Bias Analysis of Spatial Coherence-Based RTF Vector Estimation for Acoustic Sensor Networks in a Diffuse Sound Field

TL;DR

This paper provides a theoretical bias analysis of a spatial coherence-based RTF vector estimation method for acoustic sensor networks, revealing the dependence of optimal weights on input SNR and highlighting practical estimation errors.

Contribution

It derives an analytical expression for the weights in the RTF estimation method, showing they are real-valued and SNR-dependent, and compares model-based and GEVD-based weights.

Findings

Optimal weights are real-valued and SNR-dependent

GEVD-based and model-based weights show good agreement in simulations

Estimation errors in practice are not fully accounted for by the model

Abstract

In many multi-microphone algorithms, an estimate of the relative transfer functions (RTFs) of the desired speaker is required.
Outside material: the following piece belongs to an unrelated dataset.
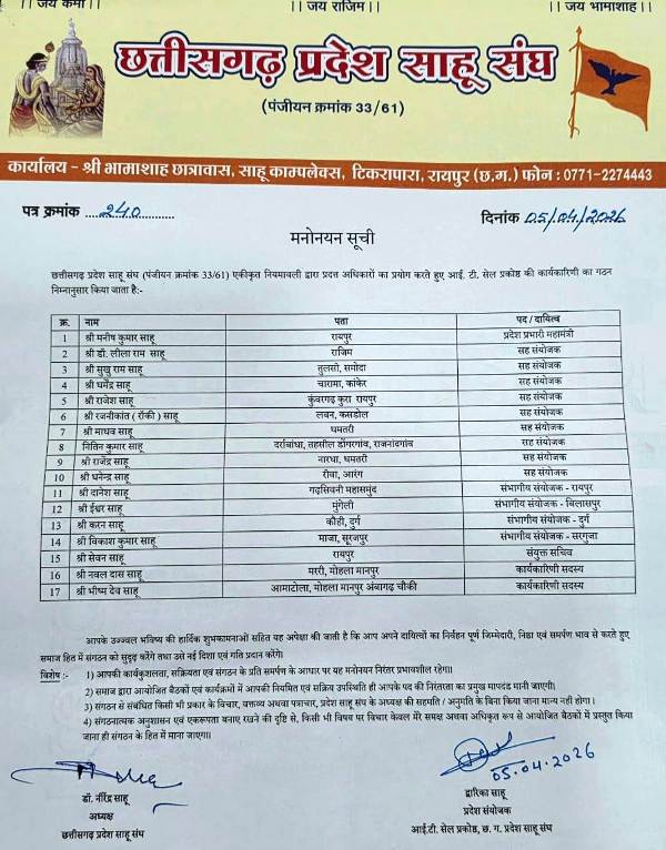 उन्होंने कहा कि माता कर्मा, माता राजिम,अपने माता-पिता, गुरुजनों एवं समाज के आशीर्वाद से मिली यह जिम्मेदारी उन्हें और अधिक समर्पण एवं ऊर्जा के साथ समाज सेवा करने की प्रेरणा देती है। इस नियुक्ति पर समाज के वरिष्ठजनों, जनप्रतिनिधियों एवं परिजनों ने हर्ष व्यक्त करते हुए श्री साहू को शुभकामनाएँ दीं तथा उनके उज्ज्वल भविष्य की कामना की।

Recently, a computationally efficient RTF vector estimation method was proposed for acoustic sensor networks, assuming that the spatial coherence (SC) of the noise component between a local microphone array and multiple external microphones is low. Aiming at optimizing the output signal-to-noise ratio (SNR), this method linearly combines multiple RTF vector estimates, where the complex-valued weights are computed using a generalized eigenvalue decomposition (GEVD). In this paper, we perform a theoretical bias analysis for the SC-based RTF vector estimation method with multiple external microphones. Assuming a certain model for the noise field, we derive an analytical expression for the weights, showing that the optimal model-based weights are real-valued and only depend on the input SNR in the external microphones. Simulations with real-world recordings show a good accordance of the GEVD-based and the model-based weights. Nevertheless, the results also indicate that in practice, estimation errors occur which the model-based weights cannot account for.